Weekly Weather v3: Radar Maps, New Settings, and Landscape Support

Version 3 of Weekly Weather is out, and it’s a significant update. The headline addition is an interactive radar map with animated precipitation overlays, but there’s a lot more packed into this release.

Weekly Weather forecast screen

Radar Map with Animated Precipitation

The biggest new feature is the radar screen. You can now pull up an interactive map and watch precipitation move across the region in real time. The animation shows a time scrubber so you can step through frames manually or let it play on its own.

The radar overlay uses live precipitation tile data layered on top of a standard Google Maps view, so you get full map interactivity — zoom, pan, and switch between radar mode and a clean map view.

Radar screen showing animated precipitation overlay

A few things worth noting about the radar implementation:

  • Tile caching has been improved, so switching between frames is smoother
  • Zoom level is preserved when toggling radar mode on and off — no more jumping back to the default zoom
  • The map no longer shows Null Island (0°, 0°) when navigating from the weather screen, which was a bug introduced earlier

Map Screen

Alongside the radar, there’s a dedicated map screen for viewing your current location and saved places. It shares the same navigation structure as the weather screen, so jumping between your saved locations is quick.

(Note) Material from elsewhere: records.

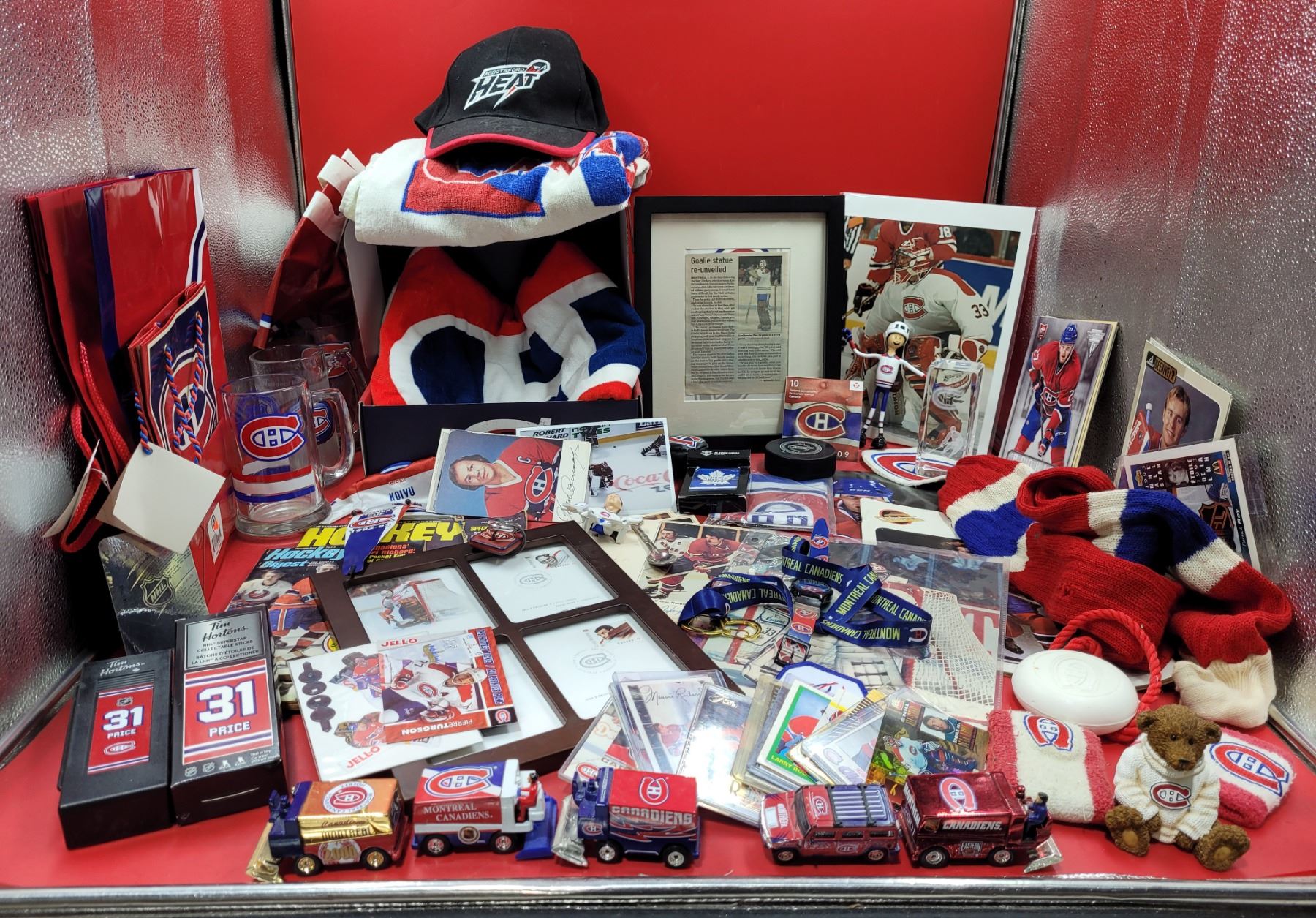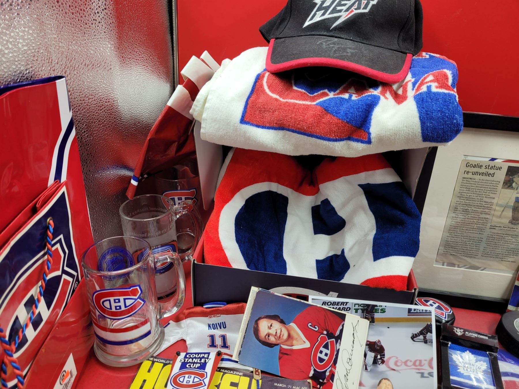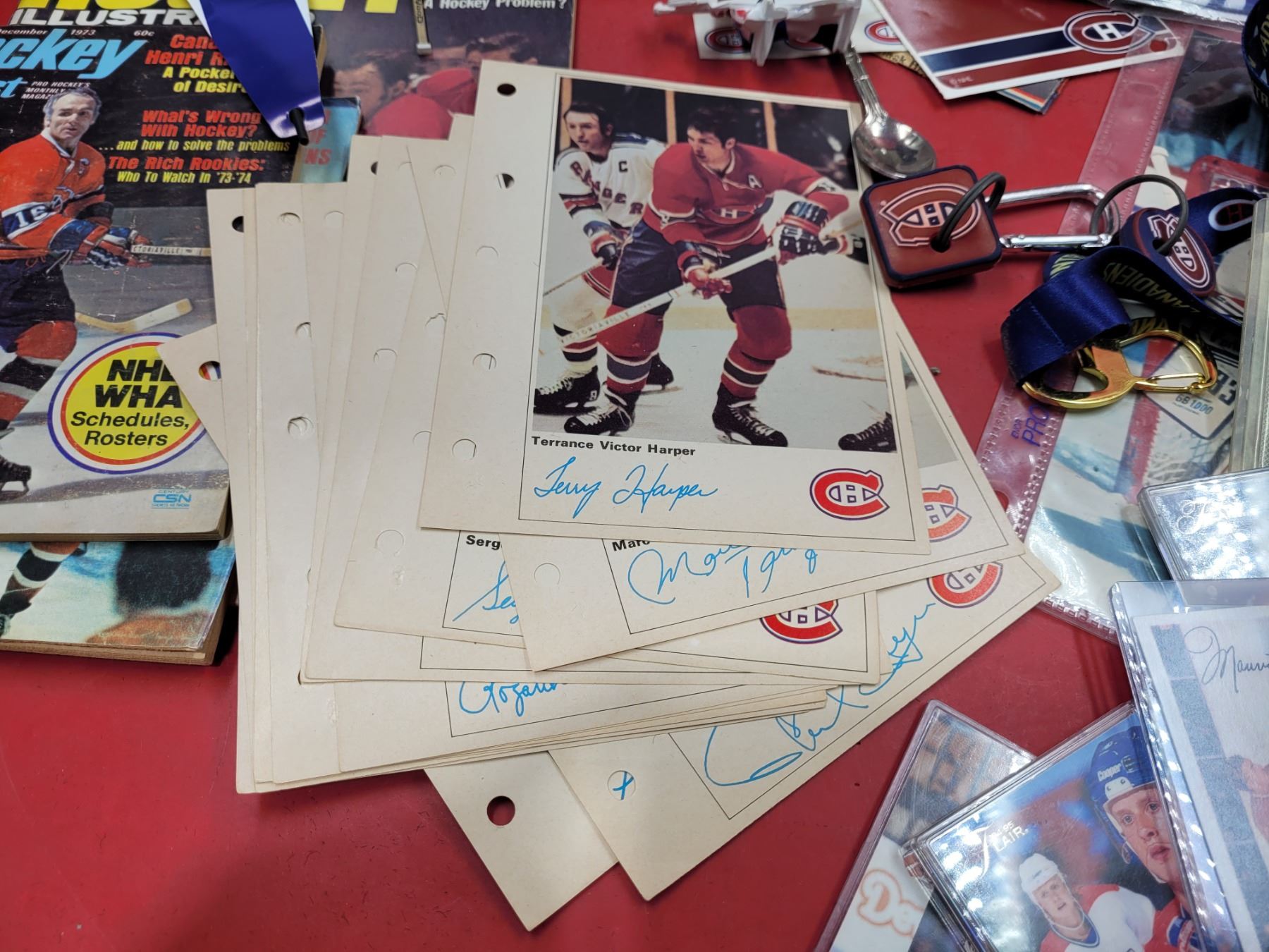 Lot 157 Lot of Montreal Canadiens Collectibles w/ Lanyard, Vehicles, Beer Glasses, Figurine, & More
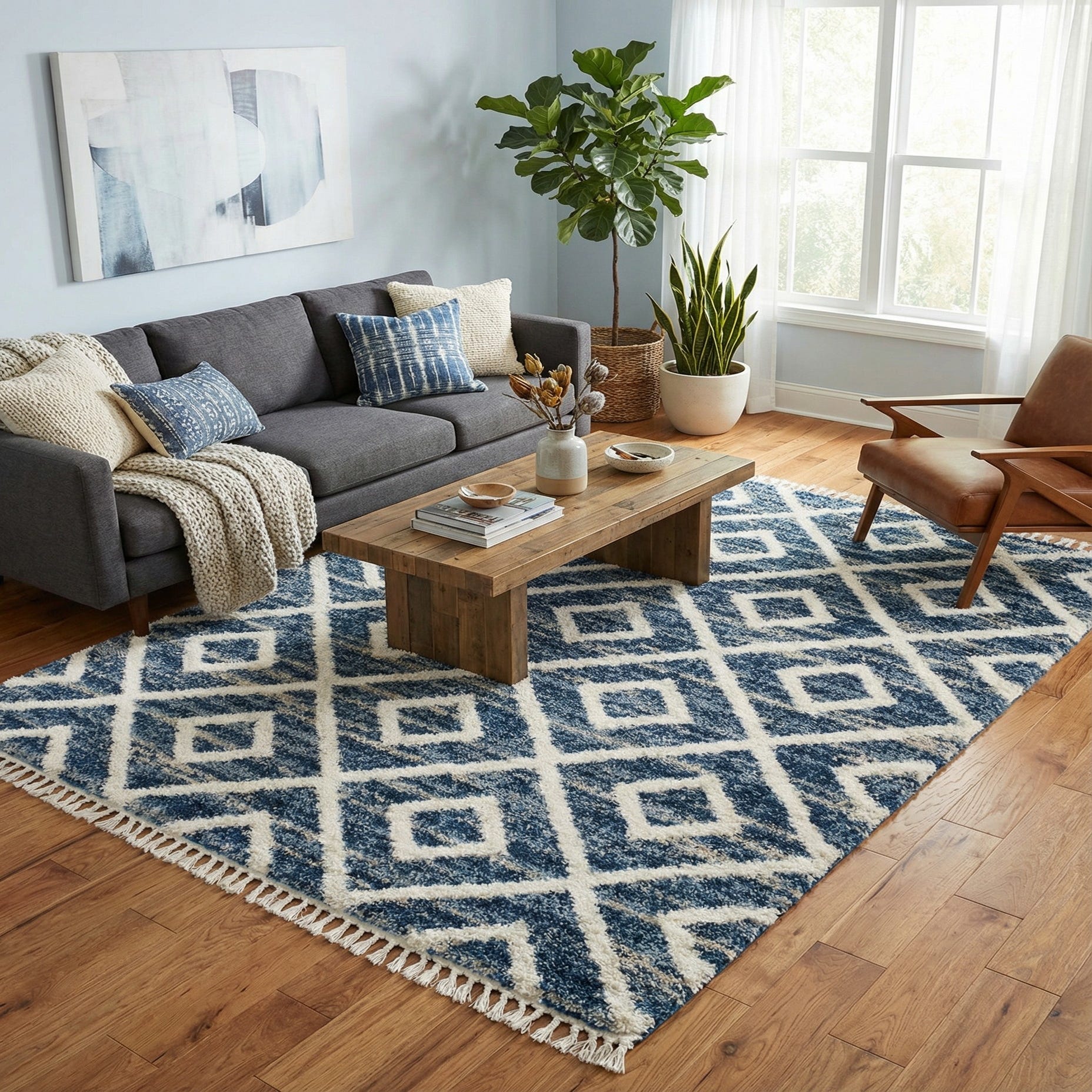 A bold geometric diamond pattern sits against a deep blue ground, with crisp ivory lines and soft beige highlights forming nested lozenges for a layered, dimensional look. The plush shag pile invites touch—thick, cushiony fibers with a gentle sheen that accentuates the variegated blue tones and gives the pattern a slightly lived-in, hand-tufted appearance. A short tassel fringe at the ends adds a relaxed, casual finish.
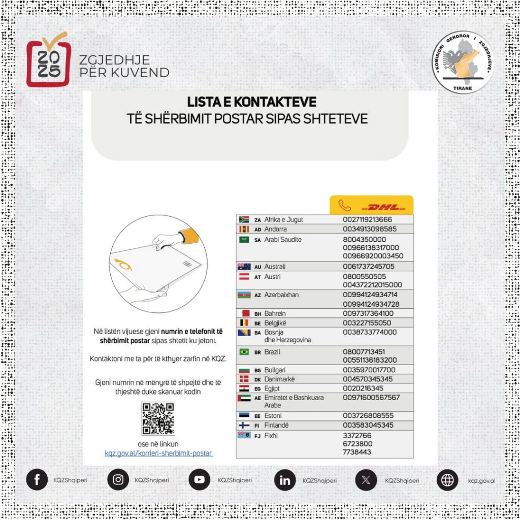 ‘Të gjithë ata zgjedhës nga jashtë, kudo në botë, por veçanërisht ata në Greqi, të cilët deri më sot nuk kanë marrë njoftim dhe/ose nuk janë kontaktuar nga DHL, qoftë nëpërmjet e-mailit apo nëpërmjet SMS-it, janë të lutur të kontaktojnë me shërbimin e DHL në vendin ku jetojnë, për t’u informuar mbi dërgesën postare nga KQZ.
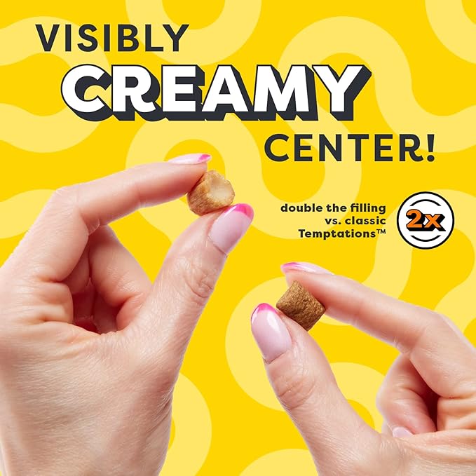 - Crunchy Outside, Creamy Inside: These irresistible cat treats have a visible soft center wrapped in a crunchy shell and have 2x more creamy filling than Classic Temptations Cat Treats
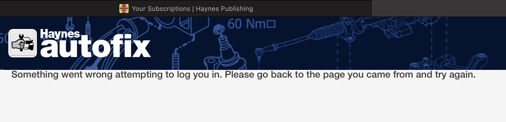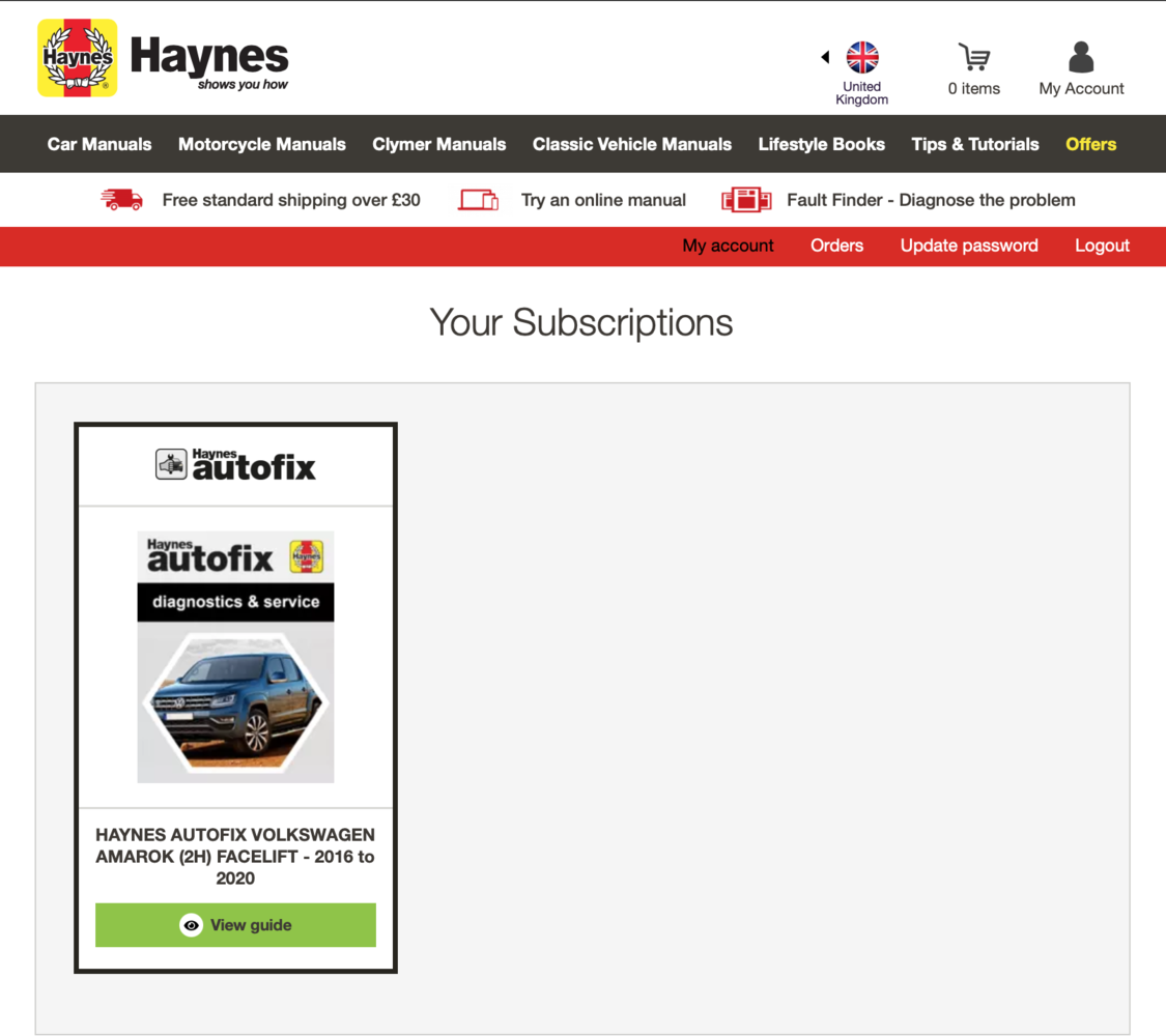 I ordered an online manual before Christmas, and when I log in to the Haynes.com site, I see the manual I've ordered, but whenever I click on "view guide", I get an error saying my login has failed. I'm definitely logged in, as I can see order history and invoice, just unable to access the actual online manual,

Map screen showing location

Settings: Units, Theme, and Radar Speed

A proper settings screen is new in v3. Previously there were no user-configurable options — now you can set:

  • Units — Metric (°C, km/h) or Imperial (°F, mph)
  • Theme — System default, Light, or Dark
  • Radar speed — Normal (x1) or Fast (x2)
Settings screen

Landscape Layout Support

All three main screens — weather, map, and settings — now have proper landscape layouts. Previously the app was portrait-only. If you use it on a tablet or just rotate your phone, it adapts correctly.

Adaptive Navigation

The navigation structure has been updated to be adaptive. On smaller screens you get a bottom nav bar; on larger screens the layout adjusts accordingly. This was part of a broader cleanup that also consolidated several modules and fixed edge-to-edge display issues.

Under the Hood

On the dependency injection side, the app moved from Dagger Hilt to Koin in v2.6.2, which simplified the setup considerably. v3 builds on that foundation with the new features above.

The app remains open source under MIT licence — the source is on Gitea and the app is available on Google Play. Weather data is provided by Open-Meteo.